BrewDog in row with HR adviser: A row has erupted between BrewDog and a human resources consultancy that offered to improve relations between the beer brand and its staff. The Times reports Allan Leighton, BrewDog’s chairman and the former boss of Asda, has accused Hand & Heart of “amplifying attacks” on its management team and has declined to take part in a proposed reconciliation programme. In a letter to Kate Bailey, Hand & Heart’s managing director, Leighton said he was concerned about a platform that had been set up for BrewDog workers, claiming it was “encouraging participants to submit malicious content…The unavoidable impression is that of H&H charging the company to extinguish a fire it is fuelling itself”. BrewDog’s treatment of staff came into focus after more than 100 former employees published an open letter last June criticising the culture of BrewDog. Co-founder James Watt apologised after the complaint by former staff, who went by the name Punks with Purpose. An internal review was launched, with Leighton brought in to oversee changes. Hand & Heart has set up a platform on its website where it says that BrewDog workers can independently register their experiences with the company “to assist Punks with Purpose in their core mission of tackling BrewDog’s cultural issues”. The consultancy had not been formally hired by BrewDog. The letter from Leighton was first reported by The Mail on Sunday. In it he also raises concerns about paying Hand & Heart “significant” fees to manage a reconciliation programme. Bailey said: “BrewDog issued a letter to me and my company that was filled with malicious, unfounded accusations designed to discredit me and my work. I published two lengthy and evidence-based factual rebuttals on my website. The letter and its dissemination, in my professional opinion as an experienced workplace consultant, is a failure of leadership and corporate governance who seemingly cannot comprehend the paper trail of facts that easily refute their claims, or how that would reflect on their company in the future. For the sake of BrewDog’s workforce and the many people exhausted by this situation, I do wish BrewDog could focus on the individuals who have alleged being harmed in their workplaces and make it right with them, and growing into a thriving global company – instead of spending their time attacking me and my company on false grounds.” BrewDog confirmed the letter had been sent but did not comment further.
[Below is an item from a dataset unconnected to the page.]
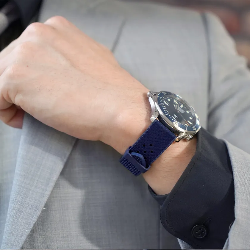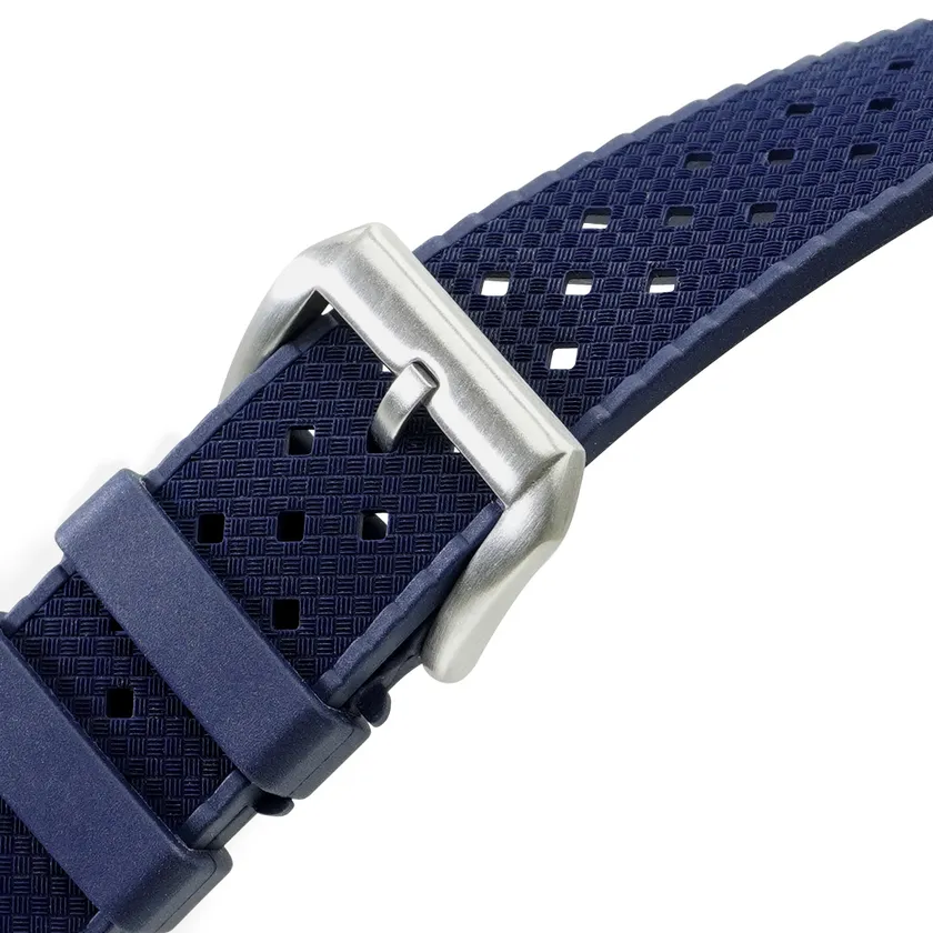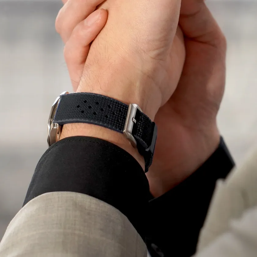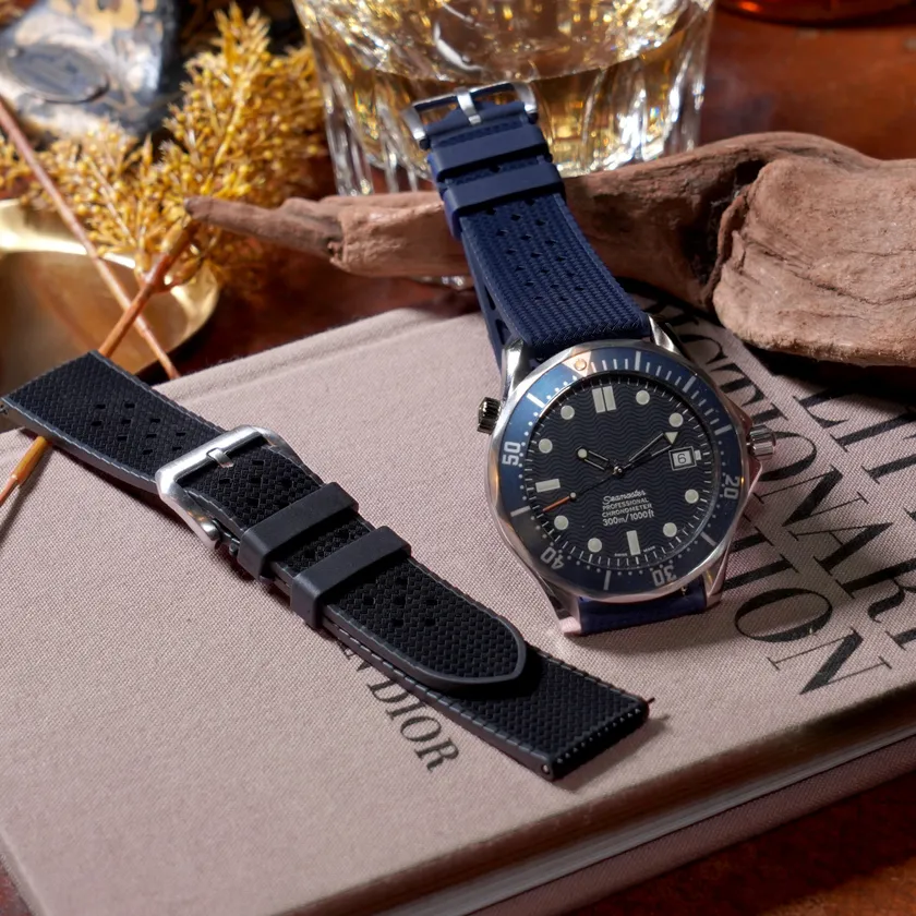 1960年代に様々な時計ブランドで人気を博したトロピックラバーを、高品質なカウチックラバーを用いて製作しました。ひし形に開けられた小穴と表面の立体的な模様は、レトロでありながらもモダンなデザイン。ビンテージウォッチはもちろん、ダイバーズウォッチにもお勧めです。また、ラバーのマットな質感が上品で落ち着いた印象を与えてくれます。

Enforcement threat over gender pay gap reporting: Employers that miss the gender pay gap reporting deadline for a second consecutive year will face “formal” enforcement action and could be named and shamed, the Equality and Human Rights Commission has warned. The alert comes ahead of a deadline today for private and voluntary sector employers and after one for most public sector employers last Wednesday. The commission issued warning notices to 1,400 employers that failed to report by last year’s extended deadline, which included a six-month grace period to October because of the pandemic. Warning notices were sent to more than 1,100 private sector employers and to 200 public sector employers and by late last month had led to 99%of those employees taking the “steps they needed to comply with the gender pay gap regulations”. The commission is warning organisations that failed to report their gender pay gap information for the October 2021 deadline that it “will consider taking formal enforcement action against repeating non-reporters once the 2022 reporting deadlines have passed”. Its enforcement powers range from entering a legally binding agreement, committing the organisation to an action plan and launching a formal investigation if it suspects illegality. The gender pay gap widened last year, despite the furlough scheme flattering the performance of some sectors, analysis by The Times a year ago suggested. Figures at the time showed that a woman earned 89p for every £1 that a man earned, on average. It meant that the pay gap widened to 11.1% in 2021, up from 10.6% the year before, 9.5% in 2019 and 9.3% in 2018.